Multiple Linear Regression attempts to model the relationship between two or more features and a response by fitting a linear equation to observed data. The steps to perform multiple linear Regression are almost similar to that of simple linear Regression. The Difference Lies in the evaluation.

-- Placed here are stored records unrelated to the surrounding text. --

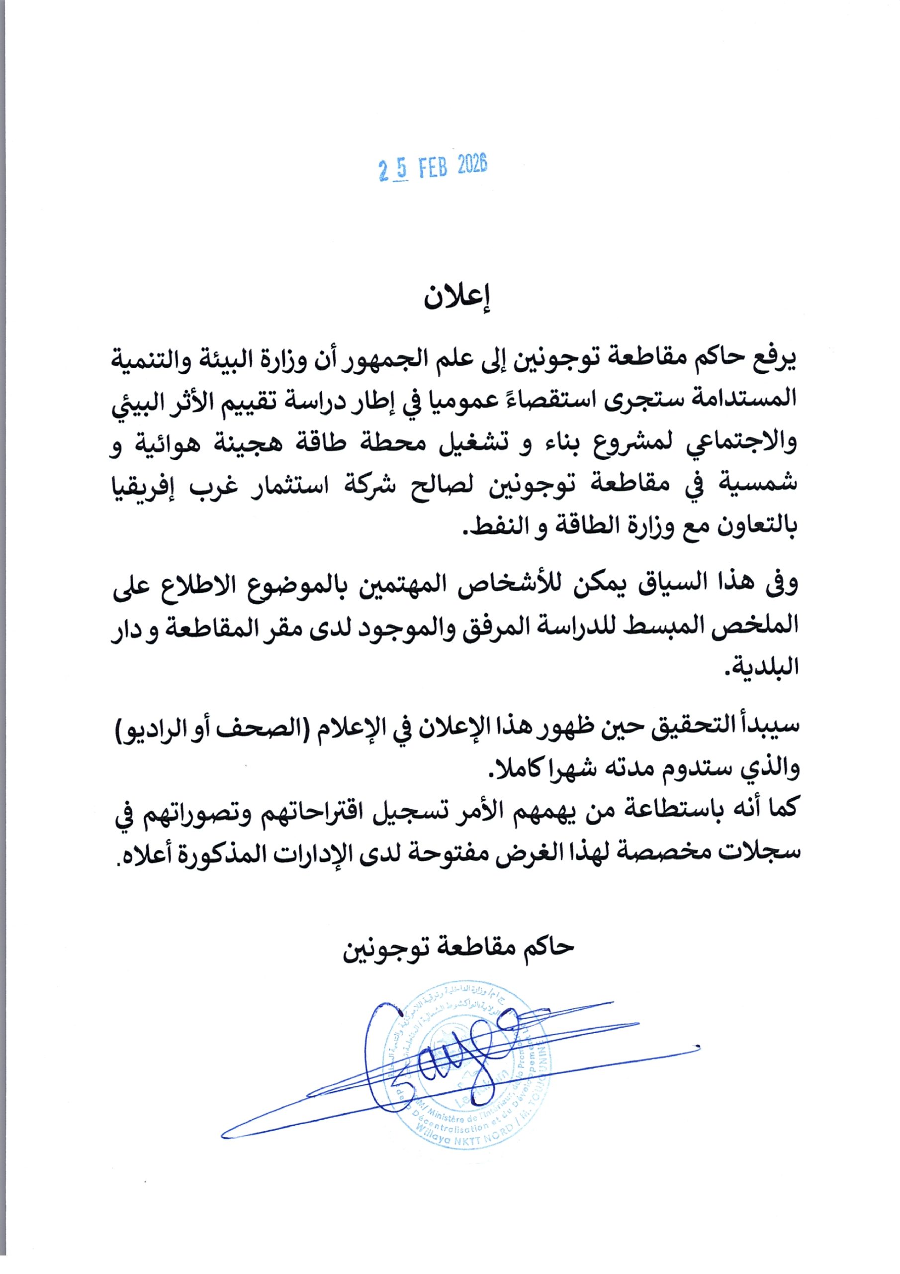 أعلن حاكم مقاطعة توجنين عن تنظيم استقصاء عمومي من طرف وزارة البيئة والتنمية المستدامة، وذلك في إطار دراسة تقييم الأثر البيئي والاجتماعي لمشروع بناء وتشغيل محطة طاقة هجينة تعتمد على الطاقة الهوائية والشمسية بالمقاطعة.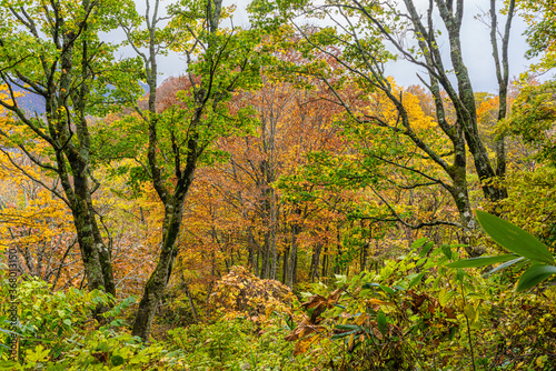 Obraz premium 紅葉に染まるブナの森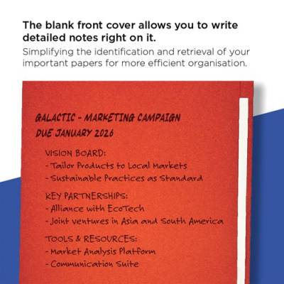 These Exacompta Guildhall square cut folders are made from durable 315gsm manilla and are ideal for desktop organisation or suspension filing. The foolscap folders can hold up to 100 sheets of 80gsm A4 or foolscap paper and measure 349 x 242mm. Ideal for colour coordinated filing, this pack contains 100 red square cut folders.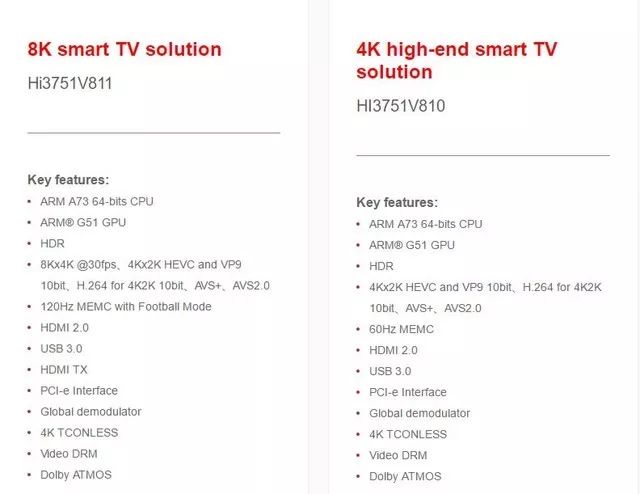 海思對于8K、4K超高清電視的芯片解決方案產(chǎn)品

We can use it to find out which factor has the highest impact on the predicted output and how different variables relate to each other.
Y = b0 + b1 * x1 + b2 * x2 + b3 * x3 + …… bn * xn Y = Dependent variable x1, x2, x3, …… xn = multiple independent variables
Step-1: Data Pre-processing
Step-2: Fitting our MLR model to the Training set
Step-3: Prediction of test set result
Step-4: visualizing the results
To install required library files, Open Command Prompt or Terminal and execute the following commands
$ pip install scikit-learn
$ pip install pandas
$ pip install numpy
$ pip install matplotlib
price,area,bedrooms,floors,age
4500000,1500,3,2,5
7000000,2500,4,3,4
3000000,1200,2,1,2
5500000,1800,3,2,4
9000000,3000,5,4,5
3500000,1400,3,2,5
6000000,2200,4,3,1
10000000,3500,5,4,4
4000000,1600,3,2,3
6500000,2000,4,3,4
To Download above CSV file : Click Here
import pandas as pd
import numpy as np
import matplotlib.pyplot as plt
from sklearn.model_selection import train_test_split
from sklearn.linear_model import LinearRegression
from sklearn.metrics import mean_squared_error, r2_score
from matplotlib.ticker import FuncFormatter
data = pd.read_csv('house_data.csv')
X = data.drop('price', axis=1)
y = data['price']
X_train, X_test, y_train, y_test = train_test_split(X, y, test_size=0.2,random_state=42)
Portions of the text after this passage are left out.